Virtualization enhancements include native Forced Unit Access I/O support in QEMU, new virtio-win components for direct host-to-Windows-VM socket communication, encrypted libvirt secrets via the new virt-secrets-init-encryption service, and improved backup job handling when a guest shuts down during backup. Intel TDX now supports local PCCS attestation in air-gapped environments.
For containers, Podman now uses Sequoia-PGP for OpenPGP image signature verification, supporting post-quantum algorithms. Podman 5.8.2 introduces automatic BoltDB-to-SQLite migration on reboot, a new podman quadlet install command, quadlet REST APIs, and an unless-stopped restart policy that persists across reboots.
Rocky Linux 10.2 includes Cockpit 356, which adds a health dashboard warning for unclean shutdowns, custom branding via /etc/cockpit/branding.css, detachable VNC console windows, quadlet lifecycle management in cockpit-podman, and a file manager that can create empty files.
Last but not least, the Rocky team highlights several workflow changes for administrators to review before upgrading. Both PHP 8.4 and PHP 8.3 are now available, so dependency resolution may select different PHP package streams depending on the installed package.
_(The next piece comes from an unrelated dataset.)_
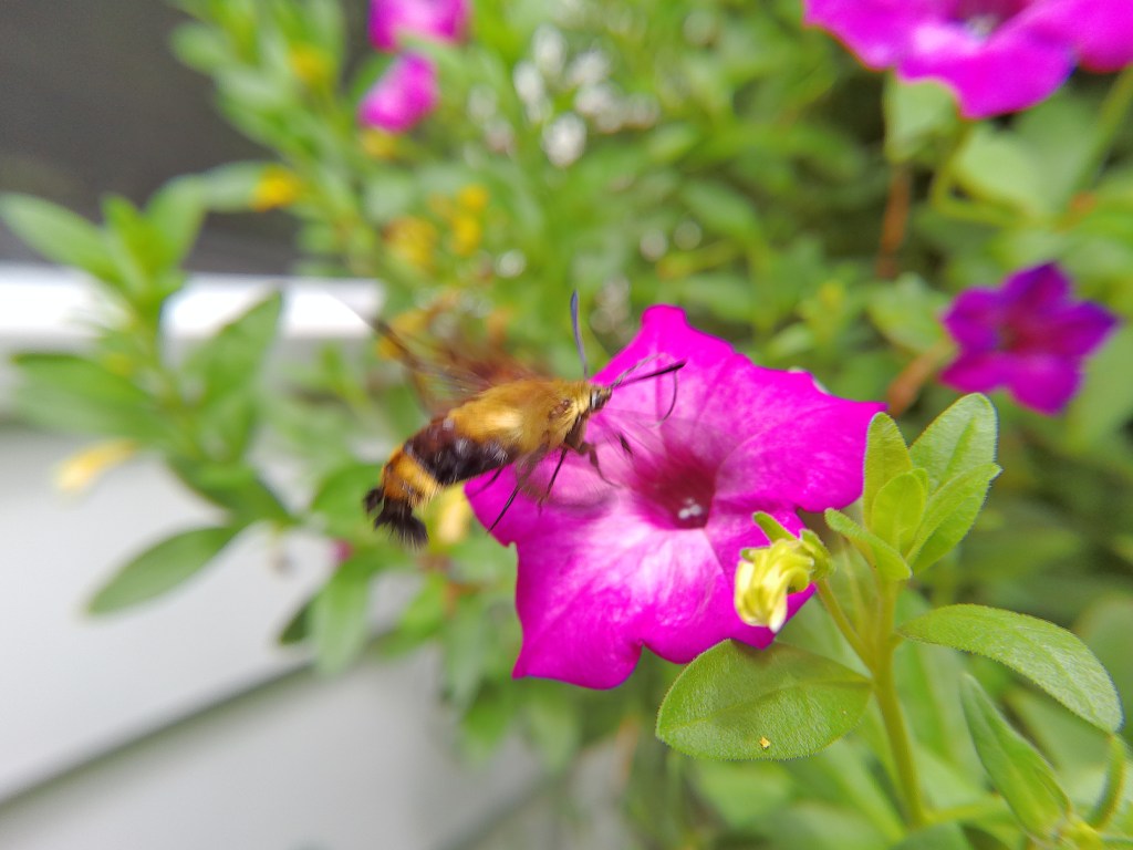 The visitor is one of my favorite insects. We see them very sporadically, and never in numbers. This makes them exciting, and when they are spotted, my husband and I will immediately call to the other, ‘A hummingbird moth is on such and such a plant.’
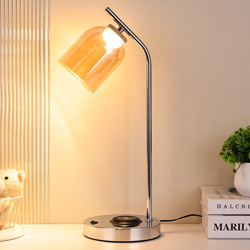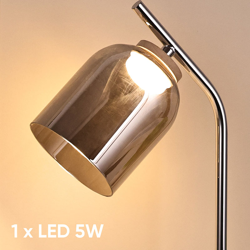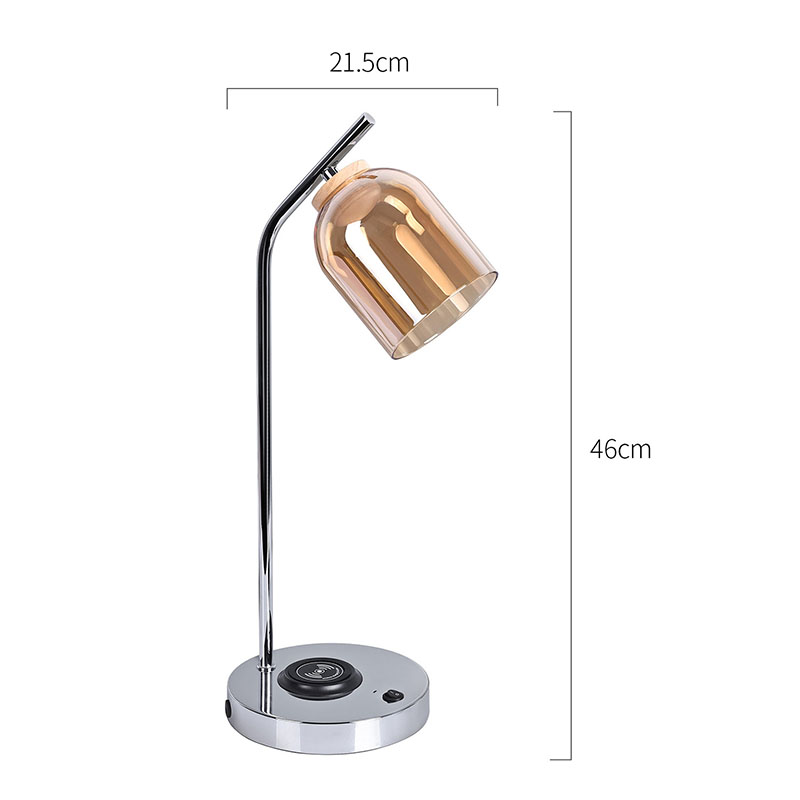 Krom base, røykfylt (rav) glassskjermInnovativ design, glassmateriale, high-end og elegant utseende, svært dekorativ skrivebordslampe designstil

Moreover, the vi command no longer launches full Vim when both vim-minimal and vim-enhanced are present; users must run vim explicitly for the full editor. Plus, Windows Server 2012 R2 Active Directory trust configuration is no longer supported, and SCTP transport for knet is deprecated in Corosync.
For additional details, see the announcement.
Existing Rocky Linux 10 users can upgrade to Rocky Linux 10.2 from the command line by running sudo dnf -y upgrade. Desktop users can upgrade using GNOME Software or KDE Discover. As before, Rocky Linux does not support upgrades between major versions, so moving from Rocky Linux 9 to 10 requires a fresh installation.
Users of other Enterprise Linux 10 compatible distributions can use the migrate2rocky utilities to convert existing systems to Rocky Linux 10.